When the 2020 presidential primary race began, many Democratic voters worried that if their party nominates a woman, it will be 2016 all over again: a campaign saturated in toxic sexism that ended in a victory for America’s most toxic sexist, a man who became president despite being on tape bragging about his ability to sexually assault women with impunity. The country, they feared, might just not be ready to elect a woman to its highest office.

With the campaign in full swing, those fears have not disappeared, even if they may have diminished a bit. What’s clearer than ever is that given how the two parties are evolving, no matter who the Democratic nominee is, gender will be a critical factor in the outcome of the 2020 election.

But it’s complicated. Let’s start first in North Carolina, where a primary runoff was held Tuesday for a special election to fill the seat of the late Rep. Walter B. Jones (R), in a solidly Republican district. Those concerned about the increasingly male face of the GOP invested time and money in the candidacy of Joan Perry, who got trounced by Greg Murphy, a state representative.

As Julie Hirschfeld Davis of the New York Times reported from North Carolina, Perry ran into a suspicion that despite the extremely conservative stances she took on issues, “maybe because she’s a woman she might not be as hard-line as I want her to be," as Davis put it, characterizing the views of GOP voters.

So with Perry’s loss, the number of Republican women in the House will stay at an incredible 13, out of 197 Republicans. In other words, the House GOP caucus is 93 percent male. Republicans do only slightly better in the Senate, where their caucus is 85 percent male (the figures for Democrats are 62 and 64 percent male, respectively).

Plenty of Republicans are concerned that this dynamic affects how the party is perceived when it comes to competitive elections: Women struggle to win Republican primaries, leaving the face of the party almost entirely male, and combined with the positions the party takes, such as its unceasing efforts to outlaw abortion, it ends up sending a message of unremitting hostility to women. As Rep. Liz Cheney (R-Wyo.) said in response to Perry’s loss, “We have to work very hard as Republicans to convince more women to run for office, but also to convince more women to vote for us.”

But when they don’t — and when the party is led by President Trump — voters (both women and men) begin to see the entire GOP as sexist. As political scientist Brain Schaffner argues, based on an analysis of 2016 and 2018 voting patterns:

In 2018, Republican House candidates were penalized by voters who don’t hold sexist views in a way they were not in 2016. And [Trump’s] rhetoric does not appear to be winning the party any new supporters to make up for those losses ... the data here suggest that after two years as president, Trump’s sexism has begun to become part of the Republican Party’s branding for GOP House candidates.
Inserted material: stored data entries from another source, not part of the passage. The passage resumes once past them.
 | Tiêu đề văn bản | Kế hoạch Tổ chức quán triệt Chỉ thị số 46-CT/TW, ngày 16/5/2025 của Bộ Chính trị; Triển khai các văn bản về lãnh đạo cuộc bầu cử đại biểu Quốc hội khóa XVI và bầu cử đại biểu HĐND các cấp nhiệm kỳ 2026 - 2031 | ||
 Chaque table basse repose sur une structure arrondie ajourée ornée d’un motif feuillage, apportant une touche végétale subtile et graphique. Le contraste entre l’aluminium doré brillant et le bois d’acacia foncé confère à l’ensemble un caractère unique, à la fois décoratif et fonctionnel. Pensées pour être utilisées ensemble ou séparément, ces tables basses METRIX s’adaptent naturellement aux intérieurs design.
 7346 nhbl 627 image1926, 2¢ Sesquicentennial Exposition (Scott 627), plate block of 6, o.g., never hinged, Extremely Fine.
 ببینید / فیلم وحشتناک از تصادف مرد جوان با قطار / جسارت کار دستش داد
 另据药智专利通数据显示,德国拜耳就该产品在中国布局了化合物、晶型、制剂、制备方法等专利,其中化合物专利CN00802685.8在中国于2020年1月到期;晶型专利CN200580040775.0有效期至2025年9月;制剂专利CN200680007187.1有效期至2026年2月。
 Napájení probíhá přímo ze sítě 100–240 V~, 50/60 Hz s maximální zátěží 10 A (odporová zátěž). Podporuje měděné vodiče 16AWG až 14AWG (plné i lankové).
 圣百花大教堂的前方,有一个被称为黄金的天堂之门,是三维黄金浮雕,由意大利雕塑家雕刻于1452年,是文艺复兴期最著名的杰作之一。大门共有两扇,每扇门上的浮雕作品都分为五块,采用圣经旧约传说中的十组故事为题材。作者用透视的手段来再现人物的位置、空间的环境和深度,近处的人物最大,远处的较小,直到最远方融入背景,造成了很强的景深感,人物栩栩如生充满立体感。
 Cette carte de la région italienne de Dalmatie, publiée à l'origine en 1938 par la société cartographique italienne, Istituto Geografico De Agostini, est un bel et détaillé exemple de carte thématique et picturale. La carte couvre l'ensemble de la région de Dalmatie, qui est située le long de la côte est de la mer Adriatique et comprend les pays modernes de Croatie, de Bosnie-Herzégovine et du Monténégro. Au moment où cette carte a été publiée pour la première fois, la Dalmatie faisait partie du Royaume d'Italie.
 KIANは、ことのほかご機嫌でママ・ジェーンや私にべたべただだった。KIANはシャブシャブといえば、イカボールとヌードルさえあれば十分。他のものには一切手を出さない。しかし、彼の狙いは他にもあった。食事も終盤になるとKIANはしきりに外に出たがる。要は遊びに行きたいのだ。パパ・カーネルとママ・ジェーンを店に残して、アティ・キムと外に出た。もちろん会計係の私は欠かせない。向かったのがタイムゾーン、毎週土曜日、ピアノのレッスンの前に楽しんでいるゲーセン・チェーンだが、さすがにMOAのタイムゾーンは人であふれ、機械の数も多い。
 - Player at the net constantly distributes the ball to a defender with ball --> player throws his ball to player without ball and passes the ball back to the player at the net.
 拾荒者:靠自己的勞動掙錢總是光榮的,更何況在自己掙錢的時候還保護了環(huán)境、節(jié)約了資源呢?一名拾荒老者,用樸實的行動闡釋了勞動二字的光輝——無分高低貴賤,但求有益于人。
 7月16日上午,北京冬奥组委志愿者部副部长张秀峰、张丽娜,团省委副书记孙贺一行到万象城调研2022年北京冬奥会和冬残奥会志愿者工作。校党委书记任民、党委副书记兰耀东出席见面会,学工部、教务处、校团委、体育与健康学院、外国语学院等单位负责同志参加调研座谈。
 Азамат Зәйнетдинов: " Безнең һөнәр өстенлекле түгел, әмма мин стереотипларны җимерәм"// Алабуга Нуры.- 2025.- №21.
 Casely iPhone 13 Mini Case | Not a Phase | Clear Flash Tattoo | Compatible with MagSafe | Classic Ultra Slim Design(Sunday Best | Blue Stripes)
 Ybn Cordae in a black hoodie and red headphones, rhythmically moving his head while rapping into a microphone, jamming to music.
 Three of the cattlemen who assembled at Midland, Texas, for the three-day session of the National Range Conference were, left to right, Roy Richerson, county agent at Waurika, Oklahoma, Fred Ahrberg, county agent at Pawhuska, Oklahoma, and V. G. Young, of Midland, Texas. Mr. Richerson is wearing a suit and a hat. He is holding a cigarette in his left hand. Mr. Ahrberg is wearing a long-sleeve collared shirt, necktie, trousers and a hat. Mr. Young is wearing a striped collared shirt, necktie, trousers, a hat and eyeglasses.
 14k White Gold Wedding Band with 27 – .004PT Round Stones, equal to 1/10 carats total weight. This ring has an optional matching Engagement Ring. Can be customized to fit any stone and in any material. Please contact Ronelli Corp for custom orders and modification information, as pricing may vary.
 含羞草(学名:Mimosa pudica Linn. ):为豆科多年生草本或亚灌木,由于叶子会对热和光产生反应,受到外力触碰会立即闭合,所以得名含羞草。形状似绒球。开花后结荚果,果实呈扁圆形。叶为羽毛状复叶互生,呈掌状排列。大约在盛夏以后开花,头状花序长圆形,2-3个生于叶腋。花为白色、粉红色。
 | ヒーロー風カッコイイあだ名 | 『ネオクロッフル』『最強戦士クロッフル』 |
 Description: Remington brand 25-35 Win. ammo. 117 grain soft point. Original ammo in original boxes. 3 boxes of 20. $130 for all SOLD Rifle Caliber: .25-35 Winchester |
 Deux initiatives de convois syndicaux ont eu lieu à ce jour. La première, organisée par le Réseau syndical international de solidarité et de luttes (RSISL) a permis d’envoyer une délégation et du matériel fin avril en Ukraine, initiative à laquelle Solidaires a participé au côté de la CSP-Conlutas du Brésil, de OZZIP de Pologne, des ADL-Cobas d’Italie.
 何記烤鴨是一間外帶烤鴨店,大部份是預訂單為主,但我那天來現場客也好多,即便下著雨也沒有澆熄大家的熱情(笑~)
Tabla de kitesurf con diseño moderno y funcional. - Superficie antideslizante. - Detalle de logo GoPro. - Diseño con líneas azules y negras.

But the picture is even more complicated, because it isn’t only Republicans who hold sexist beliefs. As Schaffner and Sam Luks explain in The Post, about a quarter of Democratic voters hold beliefs they categorize as “hostile sexism” based on answers to survey questions asking respondents whether they agree with statements such as “Most women fail to appreciate all that men do for them” and “Women seek to gain power by getting control over men.” And those beliefs have a strong effect on which presidential candidate they’re supporting, at least so far:

Among the least sexist voters, [Joe] Biden and [Sen. Elizabeth] Warren are neck-and-neck; among the most sexist Democratic primary voters, Biden is preferred by as much as a four-to-one margin. Warren’s support drops from nearly 30 percent among the least sexist voters to less than 10 percent among those who are most sexist. Harris’s support drops from around 15 percent among the least sexist voters to less than 5 percent among those who are most sexist.

That doesn’t mean that the female candidates are doomed, just that it’s one factor hurting them and helping the male candidates. Nor does it mean that even the most sexist Democratic voters won’t support their party’s candidate in the general election if she’s a woman; party identity will be the most powerful force at play, probably overwhelming every other consideration.

But here’s what we know: Gender is going to be a critical factor in both the primaries and the general election in 2020. It will make it harder for a woman to become the Democratic nominee, not only because of a certain degree of sexism among Democratic voters but also because of the perception that the wider electorate is sexist and therefore nominating a man is a safer choice.

That perception may be right, or it may be wrong. We can’t be sure yet because we don’t know exactly what the general election will be like. The dynamics will change depending on which man or woman faces off against Trump. Trump himself may do more or less to emphasize his own misogyny. Other issues could become more important.

But it does seem clear that the gender gap is only growing bigger. In 2016 it was the highest in history: Trump won men’s votes by 11 points (52-41), while Hillary Clinton won women’s votes by 15 points (54-39). What has happened since then? More women have come forward to accuse the president of sexual assault, the GOP became more male in its public face, we had the battle over Brett M. Kavanaugh’s Supreme Court nomination, Republicans got closer than ever to overturning Roe v. Wade (and might succeed before November 2020) and six Democratic women ran for president.

That’s a recipe for a general election in which questions of gender and sexism matter more than ever. Especially if the Democratic nominee is a woman, but even if it’s a man.